The following cell is an example of trainig for support vector calssifier. At first, "Classifier_hypertuning" is called. Then the "best" parameters are caclulated (model.SVM_hyperparameter_tuning(x,y1)). By running model_tune.LOOV(x,y1), the training and test data sets are generated.
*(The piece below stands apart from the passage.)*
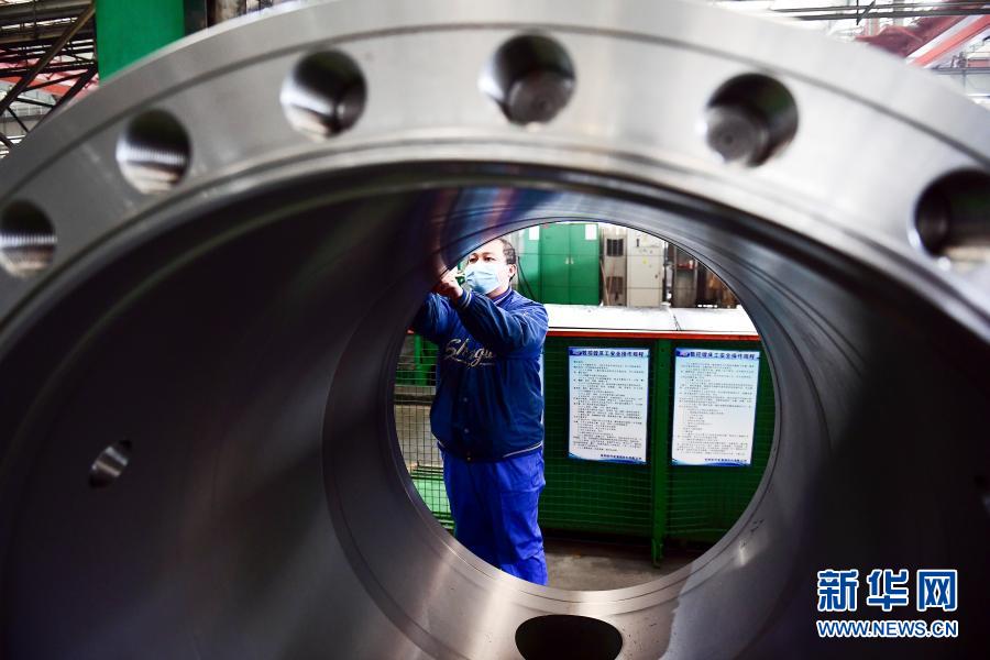 2020年2月10日,沈陽鼓風機集團股份有限公司工人在生產線上工作。新華社發(沈鼓集團提供)

The classifer is trained by calling the  Classifier_training class

In [None]:
model_tune =  Classifier_hypertuning(min_samples_split,min_samples_leaf,bootstrap,start_tree,stop_tree,num_tree,min_depth,max_depth,num_depth,n_iter,cv,norm_condition, list_C, list_gamma)
best_parameter_svm = model.SVM_hyperparameter_tuning(x,y1)
train_, test_ ,Y_train, Y_test = model_tune.LOOV(x,y1)
model_tune =  Classifier_training(best_parameter_svm, 'svc', 500)
result = model_tune.train_model(train_, test_ ,Y_train, Y_test)

# Evaluation 


In [None]:
from sklearn.metrics import accuracy_score
print("The accuracy of classifier is:", np.round(accuracy_score(y1, result),2))

from sklearn.metrics import classification_report

target_names = ['N', 'FC', 'FW', 'RC','RW','LC','LW']
print(classification_report(y1, result, target_names=target_names))